Handling huge volumes of data on a daily basis is a task that most organizations have to deal with. Such organizations have been storing huge volumes of data for decades, but now with the availability of new techniques for analyzing those huge data sets, organizations seek to improve their operational efficiency. Data sets today aren't merely larger than the older data sets, but also significantly more complex, for example, unstructured and semi-structured data generated by sensors, web logs, social media, mobile communication, and customer service records.
There are many software frameworks to store and analyze large volumes of data in a massively parallel scale. Apache Hadoop is an example and often cited in many journals, publications, blogs, and other technical articles for massively parallel processing system. It is now known to be the de-facto technology platform for supporting storage of massive amounts of heterogeneous data and processing them.
The Hadoop Distributed File System (HDFS) for data storage and its specialized distributed programming model ‘MapReduce’ for data processing, across relatively inexpensive commodity hardware, may be leveraged for mixing and matching data from many disparate sources and reveal meaningful insights.
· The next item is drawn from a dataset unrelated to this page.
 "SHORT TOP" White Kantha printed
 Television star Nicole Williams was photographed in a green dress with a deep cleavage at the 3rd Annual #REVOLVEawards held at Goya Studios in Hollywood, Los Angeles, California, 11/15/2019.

However, Hadoop as a technology has several limitations. First, organizations are interested in ‘interactive analytics’, a solution requiring faster time-to-insight when compared to the time it takes for a MapReduce job to execute and provide the required results. Second, the ability to enable analysts and data scientists to directly interact with any data stored in Hadoop, using their existing business intelligence (BI) tools and skills through a well-accepted SQL interface. Apache Hive, however, facilitates querying the data using an SQL-like language called HiveQL, but it is much slower than what the industry demands in terms of interactive querying.
There are several massively parallel query processing (MPQP) tools available in the market that enable organizations to perform interactive SQL-like querying on massive data-sets on the Hadoop platform, called SQL-on-Hadoop tools. However, each of these tools is optimized to perform efficiently for a certain class of queries only, operating on a certain known data type and format on a well-defined hardware and software configuration. The data model and the storage model have to be optimized significantly in order to obtain faster query response times.
To add to the problem, the technological landscape of massively parallel query processing frameworks is large and it becomes increasingly difficult for organizations to evaluate each of these tools for the different kinds of queries they have for processing, operating on varying data-sets, (for example, queries from marketing, analysts, engineers, and senior management).